MediaUmat – Fakta kesepakatan perundingan dagang antara Presiden Amerika Serikat Donald Trump dan Presiden Republik Indonesia Prabowo Subianto, menurut Peneliti Masyarakat Sosial Politik Indonesia (MSPI) Dr. Riyan, M.Ag. sebagai bentuk penjajahan ekonomi AS kepada Indonesia.
“Fakta ini bila ditelaah sebenarnya adalah bukan bentuk negosiasi tapi pemaksaan kehendak AS atas Indonesia tanpa perlawanan sama sekali. Lebih lugas ini bukan perdagangan tapi penjajahan ekonomi,” ujar kepada media-umat.com, Kamis (17/7/2025).

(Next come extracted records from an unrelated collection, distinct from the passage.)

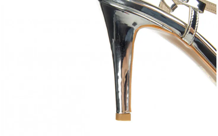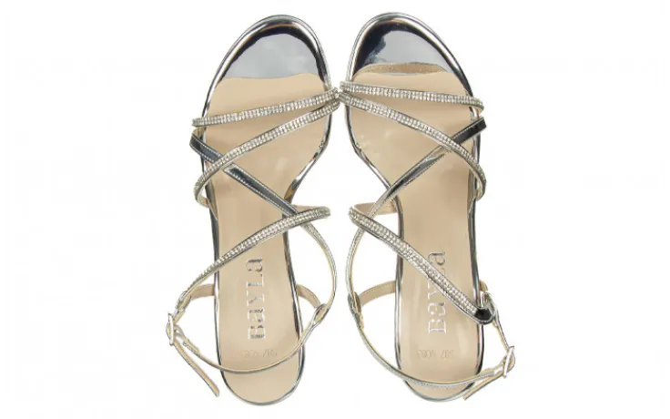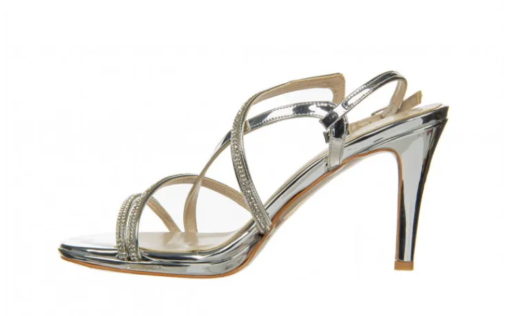 Buty są lekkie, wygodne i pięknie prezentują się na nodze. Srebrny kolor paseczków w połączeniu z delikatnymi pięknie mieniącymi się kamyczkami nadaje im wyjątkowego, kobiecego charakteru i przyciąga wzrok. Splot pasków sprawia, że buty dobrze trzymają stopę. Zapięcie na klamerkę pozwala dopasować buty do szerokości każdej stopy. Niewielka platforma niweluje wysokość obcasa sprawiając, że buty są bardzo wygodne i stabilne.
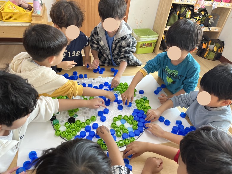 이어 28일(화)부터 30일(목)까지는 학급별로 ‘지구를 생각하는 새활용놀이’가 진행되었다. 3세 풀빛반은 ‘폐그림책을 활용한 나만의 이야기 만들기’, 4세 솔빛반은 ‘페트병 숲 꾸미기’, 5세 하늘빛반은 ‘우유팩 마을 만들기’ 등 업사이클링 놀이를 통해 지속가능한 생산·소비의 가치를 탐색하였다.
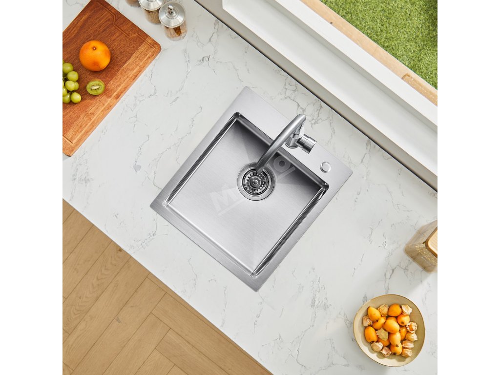 Vrchní barový dřez se snadno instaluje a nevyžaduje žádné větší úpravy kuchyňských skříněk nebo desky. Mimořádně silný okraj z nerezové oceli 304 o tloušťce 3 mm umožňuje bezpečnou instalaci na horní desku; silné tělo dřezu zajišťuje odolnost.
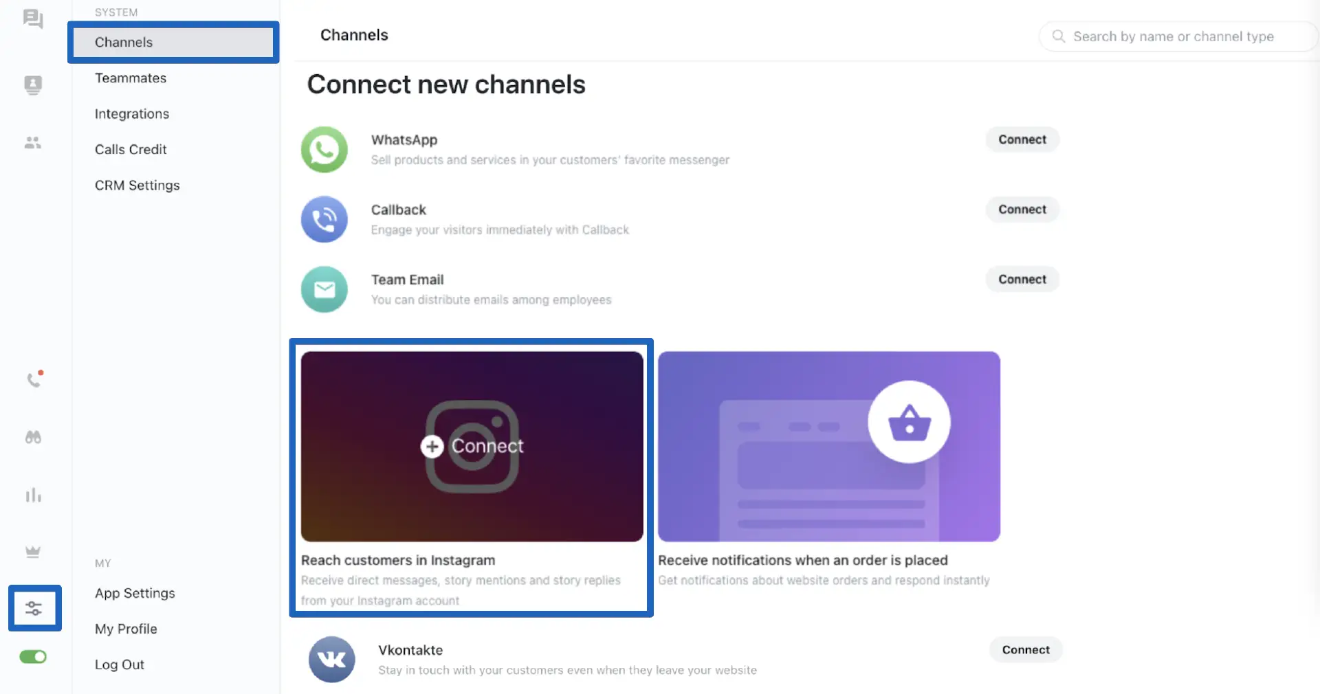 After that, open JivoChat app and go to "Manage" > "Channels":
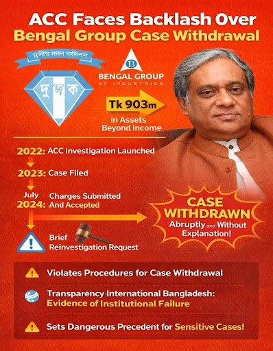 Bangladesh’s Anti-Corruption Commission (ACC) is facing mounting criticism after it abruptly withdrew a corruption case against Bengal Group chairman Abul Khair at the final stage before trial, raising serious concerns over the independence and integrity of the country’s anti-graft body.
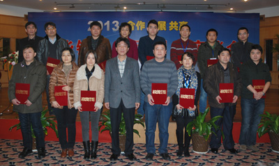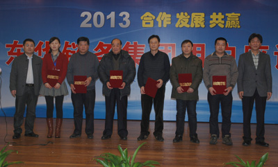最后,內(nèi)銷公司總經(jīng)理戴迪漢分別宣讀了東華集團(tuán)和盾牌公司2012年優(yōu)秀經(jīng)銷商名單,宣碧華董事長向優(yōu)秀經(jīng)銷商頒發(fā)了榮譽證書并合影留戀。
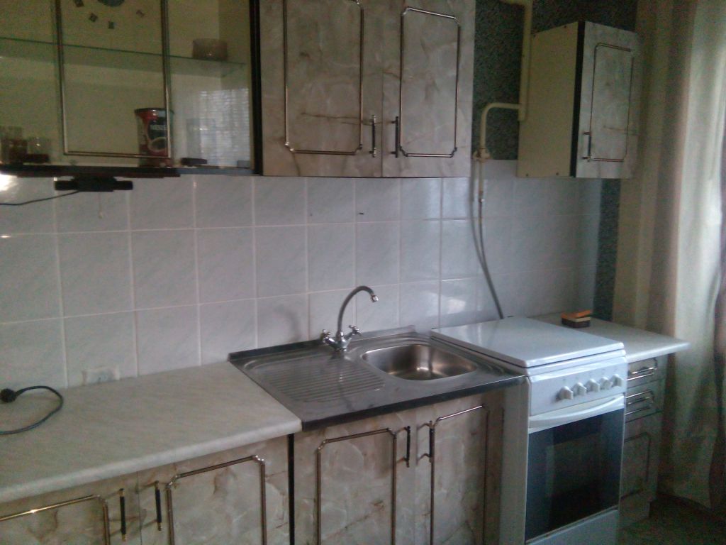 Сдается 2-к квартира на 1 этаже (этаж высокий), 50кв.м., в хорошем состоянии, с обычным ремонтом, окна пластиковые (без решеток), лоджия застеклена, санузел раздельный (ванная облицована современным кафелем, туалет — под покраску). Полностью меблирована (диван с креслами, кровати, стенка, шкафы, кухонный гарнитур и др.) и со всей необходимой бытовой техникой (холодильник, телевизор, стиральная машина-автомат).

Pasalnya, sebut Riyan, hasil perundingan tersebut menyepakati produk Indonesia yang diekspor ke AS dikenai tarif dagang 19 persen oleh AS. Sebaliknya, Indonesia tidak boleh mengenakan tarif sedikit pun alias 0 persen terhadap produk AS yang masuk ke Indonesia.
Selain itu, sebut Riyan, AS juga mendapatkan akses penuh terhadap sumber daya Indonesia dan ditambah Indonesia telah berkomitmen membeli produk-produk AS, termasuk energi senilai US$15 miliar atau setara Rp244,27 triliun (asumsi kurs Rp16.293 per dolar AS), produk pertanian senilai US$4,5 miliar atau Rp73,32 triliun, serta 50 unit pesawat Boeing yang banyak di antaranya adalah tipe 777.

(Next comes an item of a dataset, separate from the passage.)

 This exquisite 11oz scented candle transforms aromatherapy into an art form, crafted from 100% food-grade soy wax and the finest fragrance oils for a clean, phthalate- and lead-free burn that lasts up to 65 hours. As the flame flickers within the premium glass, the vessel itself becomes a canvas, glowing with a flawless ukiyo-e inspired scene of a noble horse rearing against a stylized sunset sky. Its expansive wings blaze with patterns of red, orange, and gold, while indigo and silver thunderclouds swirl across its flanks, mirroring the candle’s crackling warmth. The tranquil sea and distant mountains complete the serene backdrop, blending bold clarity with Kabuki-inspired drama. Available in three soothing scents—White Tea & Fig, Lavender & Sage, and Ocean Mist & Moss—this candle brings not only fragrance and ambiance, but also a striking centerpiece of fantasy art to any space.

Menurut Riyan, dalam titik ini berlakulah sebuah peribahasa the beggars can’t be chooshers (pengemis tidak bisa menjadi pemilih). Artinya, seseorang yang berada dalam posisi membutuhkan atau meminta sesuatu dari orang lain tidak boleh pilih-pilih atau menuntut tentang apa yang mereka terima. Mereka harus berterima kasih atas apa pun yang ditawarkan kepada mereka.
Riyan melihat, Indonesia tidak memiliki posisi yang setara dalam perundingan dagang tersebut. Hal ini menunjukkan performa dari Presiden Prabowo dan tim negosiasi yang sangat-sangat buruk. Merujuk pada hasil yang diterima kedua belah pihak. Secara sederhana bila dibuat poin, maka skor nya adalah 5-0. Lima untuk Amerika dan Nol untuk Indonesia.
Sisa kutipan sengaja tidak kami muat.